Модель памяти PyTorch: "torch.from_numpy()" vs "torch.Tensor()"
Я пытаюсь иметь глубокое понимание того, как работает модель памяти PyTorch Tensor.
# input numpy array
In [91]: arr = np.arange(10, dtype=float32).reshape(5, 2)
# input tensors in two different ways
In [92]: t1, t2 = torch.Tensor(arr), torch.from_numpy(arr)
# their types
In [93]: type(arr), type(t1), type(t2)
Out[93]: (numpy.ndarray, torch.FloatTensor, torch.FloatTensor)
# ndarray
In [94]: arr
Out[94]:
array([[ 0., 1.],
[ 2., 3.],
[ 4., 5.],
[ 6., 7.],
[ 8., 9.]], dtype=float32)
Я знаю, что тензоры PyTorch разделяют буфер памяти NumPy ndarrays. Таким образом, изменение одного будет отражено в другом. Итак, здесь я нарезаю и обновляю некоторые значения в Tensor t2
In [98]: t2[:, 1] = 23.0
И, как и ожидалось, он обновляется в t2
и arr
поскольку они имеют один и тот же буфер памяти.
In [99]: t2
Out[99]:
0 23
2 23
4 23
6 23
8 23
[torch.FloatTensor of size 5x2]
In [101]: arr
Out[101]:
array([[ 0., 23.],
[ 2., 23.],
[ 4., 23.],
[ 6., 23.],
[ 8., 23.]], dtype=float32)
Но t1
также обновляется. Помните, что t1
был построен с использованием torch.Tensor()
тогда как t2
был построен с использованием torch.from_numpy()
In [100]: t1
Out[100]:
0 23
2 23
4 23
6 23
8 23
[torch.FloatTensor of size 5x2]
Таким образом, независимо от того, используем ли мы torch.from_numpy()
или torch.Tensor()
для построения тензора из ndarray, все такие тензоры и ndarrays используют один и тот же буфер памяти.
Основываясь на этом понимании, мой вопрос заключается в том, почему функция torch.from_numpy()

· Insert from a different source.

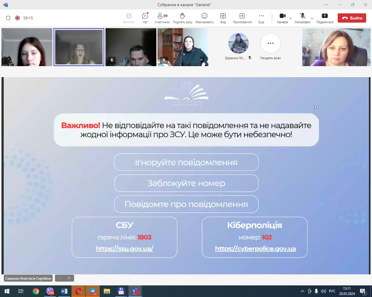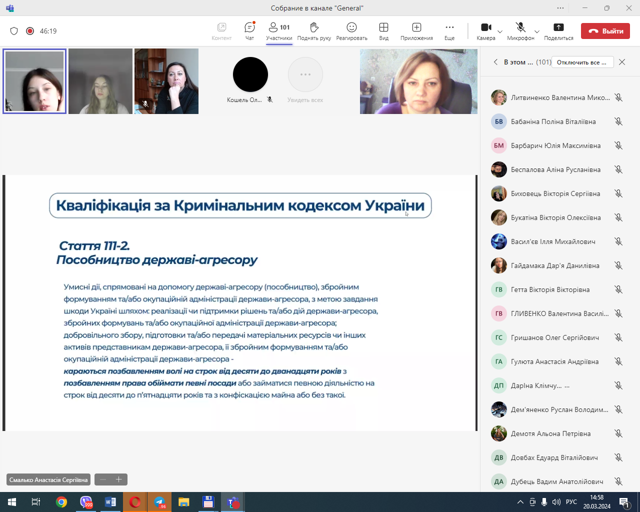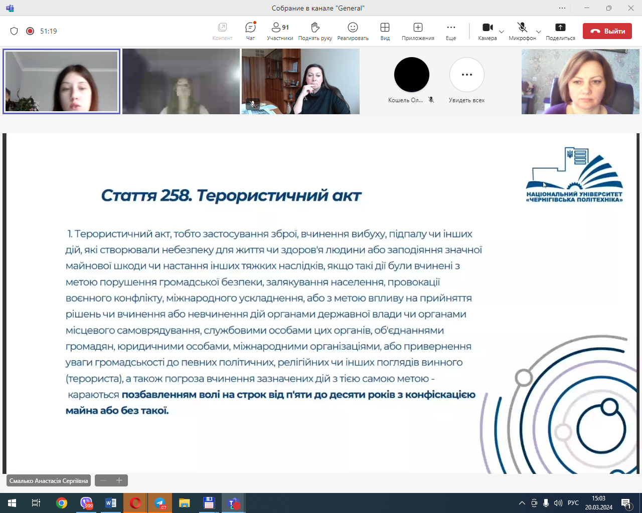Учасники юридичної клініки, які брали активну участь у підготовці та проведенні кураторської години, Лугина Єлизавета (гр. ПР-221) Смалько Анастасія (гр. КЮ-221) та Дем’яненко Руслан (гр. КЮ-221) розкрили актуальність даної теми, зумовленої наявністю фактів причетності неповнолітніх громадян віком 14-16 років до вчинення кримінальних правопорушень, пов’язаних із підпалом обладнання, що забезпечує безпеку руху залізничного транспорту, ознайомили учасників кураторської години про міжнародні, національні та зарубіжні нормативно-правові акти, які забороняють вербування та використання дітей.
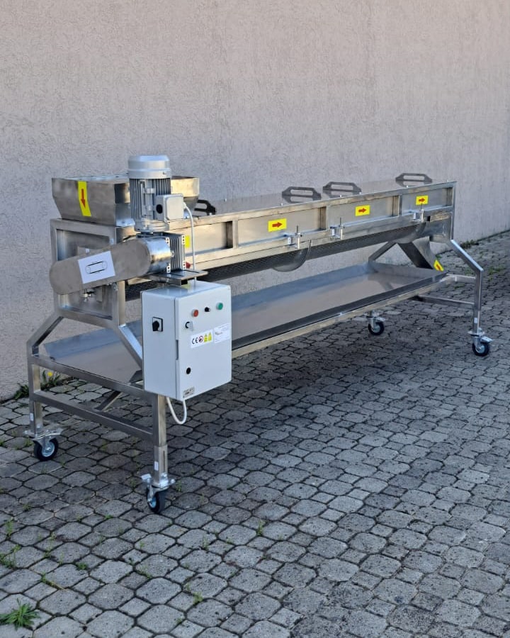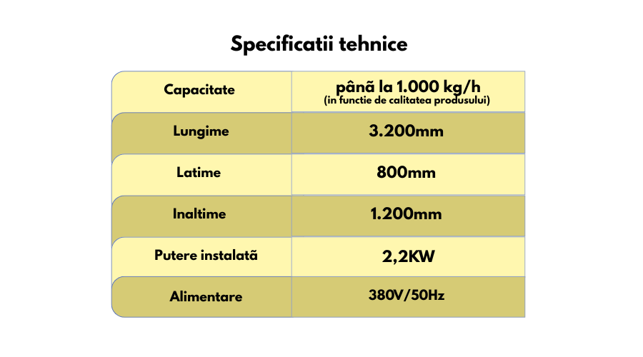 Produsul curatat continua pe linia de procesare catre etapele urmatoare, in timp ce impuritatile reziduale cad prin perforatiile tablei intr-un bazin de colectare amplasat pe intreaga lungime a masinii.

существует, когда просто torch.Tensor()
может выполнять задание?
Я посмотрел документацию PyTorch, но в этом ничего не говорится? Любые идеи/предложения?
Ответы
Ответ 1
from_numpy()
автоматически наследует входной массив dtype
. С другой стороны, torch.Tensor
является псевдонимом для torch.FloatTensor
.
Поэтому, если вы передаете массив int64
для torch.Tensor
, тензор вывода будет тензором с плавающей точкой, и они не будут делить хранилище. torch.from_numpy
дает вам torch.LongTensor
как и ожидалось.
a = np.arange(10)
ft = torch.Tensor(a) # same as torch.FloatTensor
it = torch.from_numpy(a)
a.dtype # == dtype('int64')
ft.dtype # == torch.float32
it.dtype # == torch.int64
Ответ 2
Это происходит от _torch_docs.py
; есть также возможная дискуссия о "почему" здесь.
def from_numpy(ndarray): # real signature unknown; restored from __doc__
"""
from_numpy(ndarray) -> Tensor
Creates a :class:'Tensor' from a :class:'numpy.ndarray'.
The returned tensor and 'ndarray' share the same memory.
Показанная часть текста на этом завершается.